With my credit cards once again active, we ventured out in search of dinner. In the cold off-season, the neighborhood around our bed and breakfast was quiet with many of the restaurants closed. We settled on a small pizzeria, where we splurged on salad, wine, and dessert. Although it was delicious, thanks to the exorbitant prices in Venice and the God-awful exchange rate, the total cost for this meal came to $105. Not surprisingly, we tended to limit ourselves to the free breakfast that came with our stays at the B&B and one meal for most of our time in Italy.


On Monday, we made the short walk from our B&B to St. Mark’s Square. A few tourists were out and we watched several of them buy bread crumbs to feed the pigeons that would swarm to them and climb all over their body in a feeding frenzy. Disgusted by the thought of pigeons touching me, we couldn’t have partaken in this ritual anyway since we still did not have a single Euro in cash. (Note: the selling of birdseed and feeding of pigeons has since been banned in an effort to beautify the square.) We proceeded to St. Mark’s Basilica, one of the loveliest churches that I have ever seen. Enjoying the beautiful buildings and charming shops, we spent a couple of hours walking through the narrow streets and weaving our way through the city. As I had been told, Venice really is a truly unique place and we felt like we could have spent weeks wandering through the city, sampling sweets, window shopping, admiring churches, popping into bookshops, and generally exploring this wonderful city.
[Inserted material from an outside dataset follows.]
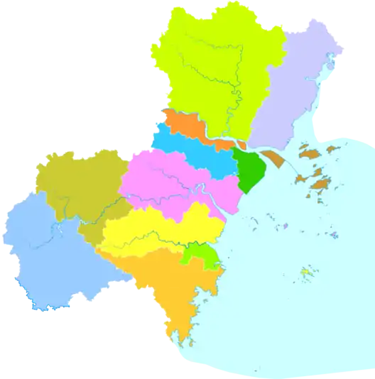 Городской округ Вэньчжоу делится на 4 района, 3 городских уезда, 5 уездов:

After checking out of our B&B, we caught a water taxi to the nearby island of Murano, famous for their colorful glass. Similar to Venice, canals wove through the charming town. Cafes lined the canals and the buildings rose impressively out of the water. In Murano, we admired the glass on display and shopped for gifts for friends and family. After a couple of hours on the island, we tried to catch a water taxi back to Venice so that we could enjoy our nice meal of the day before boarding a train to Bologna. This plan hit a snag when I once again chose the wrong water taxi and, instead of making the 10-minute trip to Venice, we motored out of sight of land. Forty minutes later, we arrived at a sparsely populated island where we opted to disembark. Following a half hour wait, we caught a water taxi heading back to Murano and endured another 40-minute ride. By the time we reached the train station, it was too late for the nice sit-down meal that we had planned, so we contented ourselves with hastily selected sandwiches from a deli washed down with several Bellini’s and a strong “spritz con Aperol.”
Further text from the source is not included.